(Data extract)
━━━━━━━━━━━━━━━━━━━━━━━━━━━━━━

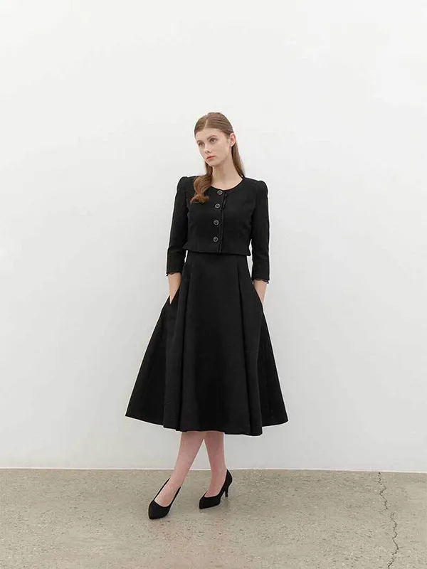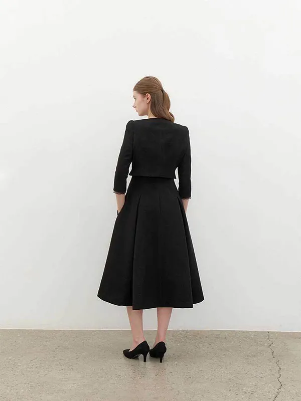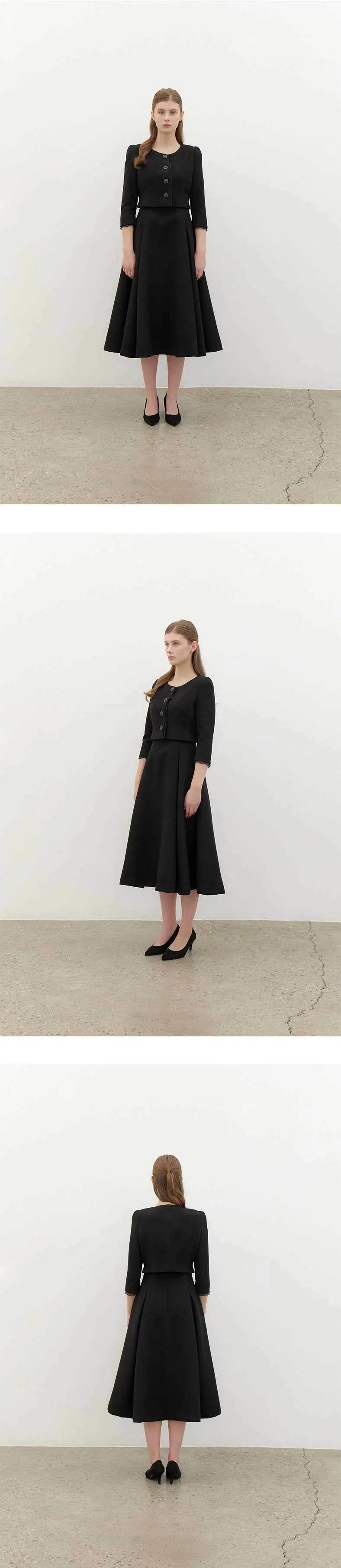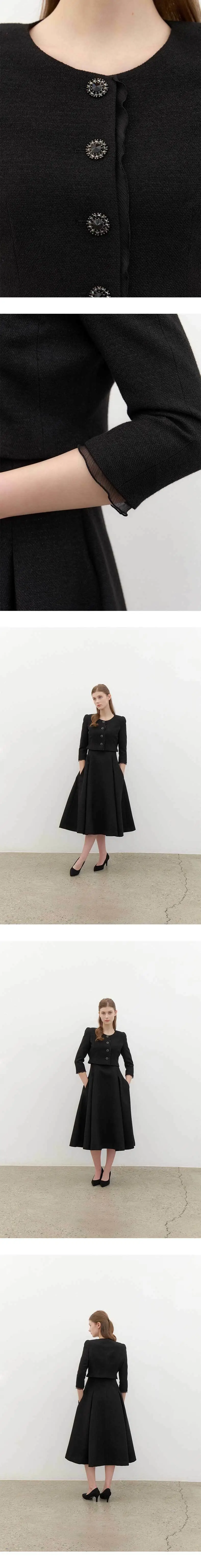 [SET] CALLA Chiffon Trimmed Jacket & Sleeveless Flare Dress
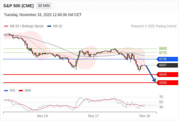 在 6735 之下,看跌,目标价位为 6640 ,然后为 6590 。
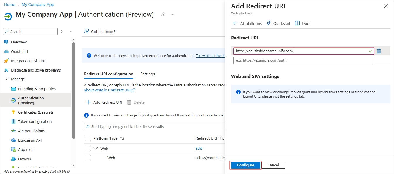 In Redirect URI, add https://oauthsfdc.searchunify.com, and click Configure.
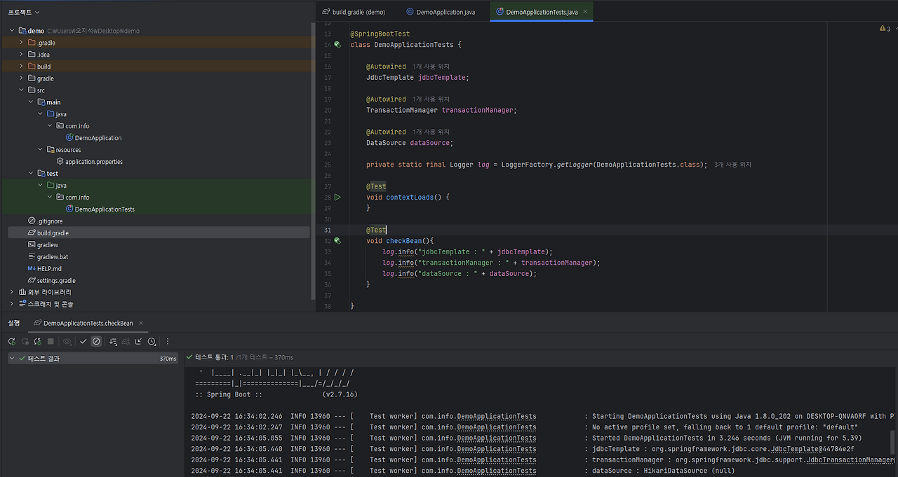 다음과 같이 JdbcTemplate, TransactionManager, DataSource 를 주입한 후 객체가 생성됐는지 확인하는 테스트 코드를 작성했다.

━━━━━━━━━━━━━━━━━━━━━━━━━━━━━━

(About this task) Retype the data above exactly, dropping every picture.

(Result for this task)
 [SET] CALLA Chiffon Trimmed Jacket & Sleeveless Flare Dress
 在 6735 之下,看跌,目标价位为 6640 ,然后为 6590 。
 In Redirect URI, add https://oauthsfdc.searchunify.com, and click Configure.
 다음과 같이 JdbcTemplate, TransactionManager, DataSource 를 주입한 후 객체가 생성됐는지 확인하는 테스트 코드를 작성했다.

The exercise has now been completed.